Render Nodes (/dev/dri/renderD*)
Render nodes provide unprivileged GPU compute and render access without modesetting capability. Any user can open a render node to submit GPU work (3D rendering, compute shaders, video encode/decode) without needing root or DRM master status. ISLE exposes render nodes via the DRM compat layer, mapping each to an isle-accel context creation with appropriate capability restrictions (no modesetting, no display control).
DRM Leases
DRM leases allow a client to take exclusive control of a display connector — the
primary consumer is VR headsets (SteamVR uses DRM leases to drive the HMD display
independently from the desktop compositor). ISLE supports the lease ioctl family
(DRM_IOCTL_MODE_CREATE_LEASE, DRM_IOCTL_MODE_LIST_LESSEES, etc.) through the DRM
compatibility layer.
KMS Atomic Modesetting
The modern display pipeline API. Replaces legacy drmModeSetCrtc with atomic commits
that update multiple display properties (resolution, refresh, gamma, position) as a
single transaction — either the entire commit succeeds or nothing changes. ISLE's DRM
layer implements the full atomic commit interface (DRM_IOCTL_MODE_ATOMIC) including:
- TEST_ONLY mode (compositor can test configurations without applying them)
- Non-blocking commits (compositor doesn't stall waiting for vblank)

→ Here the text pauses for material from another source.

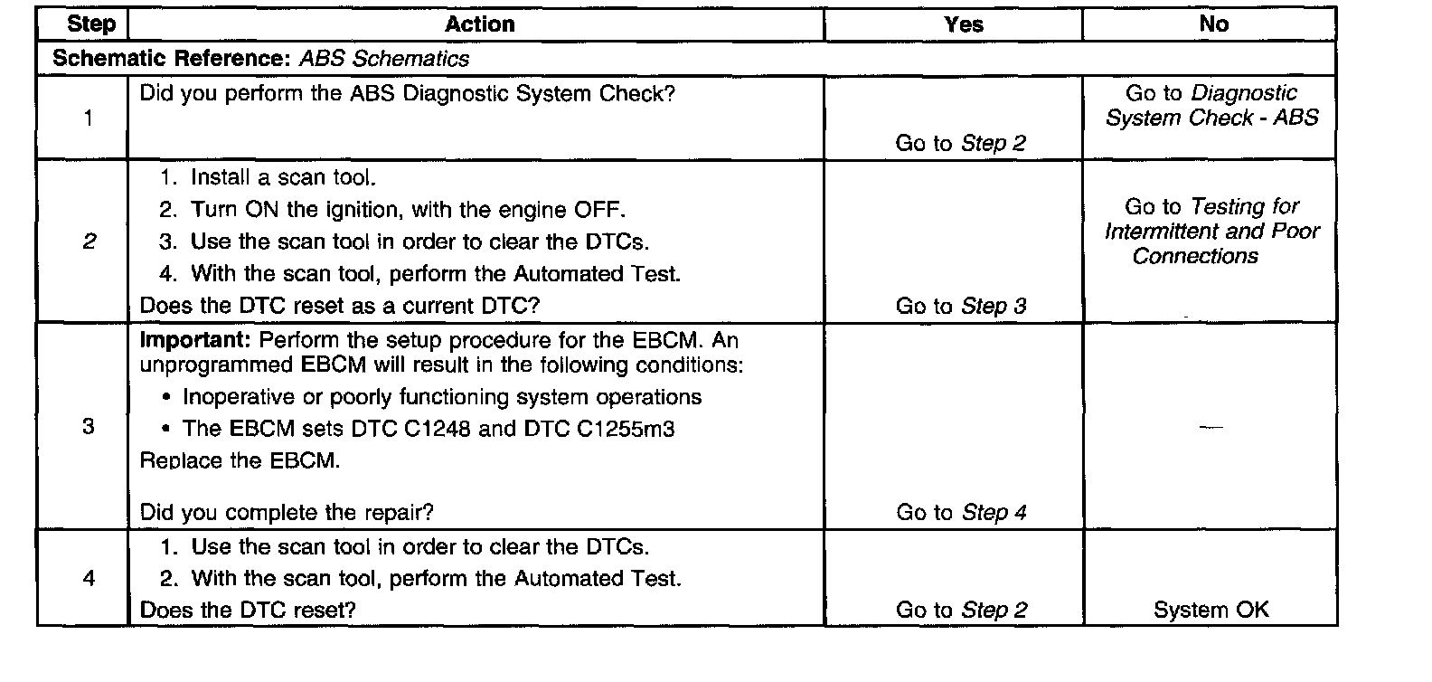 The solenoid valve circuit is internal to the EBCM. The solenoid valve circuit is not diagnosable external to the EBCM. The DTC sets when there is a malfunction in the solenoid circuit internal to the EBCM.

- Property-based interface (all display state expressed as properties)
Multi-GPU Display (PRIME)
Render on GPU A, scanout on GPU B via DMA-BUF sharing (known as PRIME in the DRM ecosystem). The P2P DMA infrastructure (Section 43) handles the underlying data transfer. For the display case specifically: - DMA-BUF export from render GPU → DMA-BUF import on display GPU - If GPUs share a PCIe switch, transfer is direct P2P (no CPU copy) - If GPUs are on different NUMA nodes, transfer goes through host memory
HDR and Wide Color Gamut
Modern displays support HDR10, Dolby Vision, and wide color gamuts (DCI-P3, Rec. 2020).
Kernel support is exposed via KMS atomic properties:
- HDR_OUTPUT_METADATA: HDR static/dynamic metadata per connector
- COLORSPACE: signal color space to the display (BT.709, DCI-P3, BT.2020)
- MAX_BPC: maximum bits-per-channel for the connector (8, 10, 12, 16)
- COLOR_ENCODING / COLOR_RANGE: YCbCr encoding and quantization range
These are standard KMS properties exposed through atomic modesetting. Wayland compositors (wlroots, Mutter, KWin) use these to negotiate HDR output with the display.
Crash Recovery Advantage
If the DRM/GPU driver crashes (Tier 1 reload, Section 9):
- The driver binary is reloaded in ~50-150ms
- DMA-BUF metadata (size, format, sharing graph, capability tokens) survives the reload — this metadata is managed by isle-core's memory subsystem, not the driver. Buffer handles remain valid. However, VRAM contents are lost on device reset — a GPU reset physically reinitializes the device memory, destroying all framebuffer data, texture contents, and compute buffers stored in VRAM. Applications must re-upload data to the GPU after recovery.
- Sync objects are re-created in signaled state (conservative — forces resubmission of any pending work, but doesn't deadlock the compositor)
- The Wayland compositor sees a brief stall (~100-500ms, the full recovery window) and must re-render its buffers (VRAM contents are lost), but does not lose its buffer handles or capability tokens, does not crash, and does not need to re-negotiate with clients. The compositor's CPU-side state (window tree, client list, layout) is fully preserved.
- Running applications still hold valid DMA-BUF capabilities. They receive an
ENODATAerror on the next access to a VRAM-backed buffer, indicating that the buffer contents are stale and must be re-uploaded. Applications that maintain CPU-side copies of their rendering data (the common case for double-buffered Wayland clients) can re-upload and resume rendering immediately. Applications that relied solely on VRAM-resident data with no CPU-side copy must regenerate or reload from disk.
In Linux, a GPU driver crash typically kills the entire X/Wayland session, requiring all graphical applications to restart. ISLE's display stack crash recovery preserves the sharing graph and buffer metadata, allowing rapid re-rendering rather than full session teardown. This is a direct consequence of the capability-managed DMA-BUF design and Tier 1 driver reload.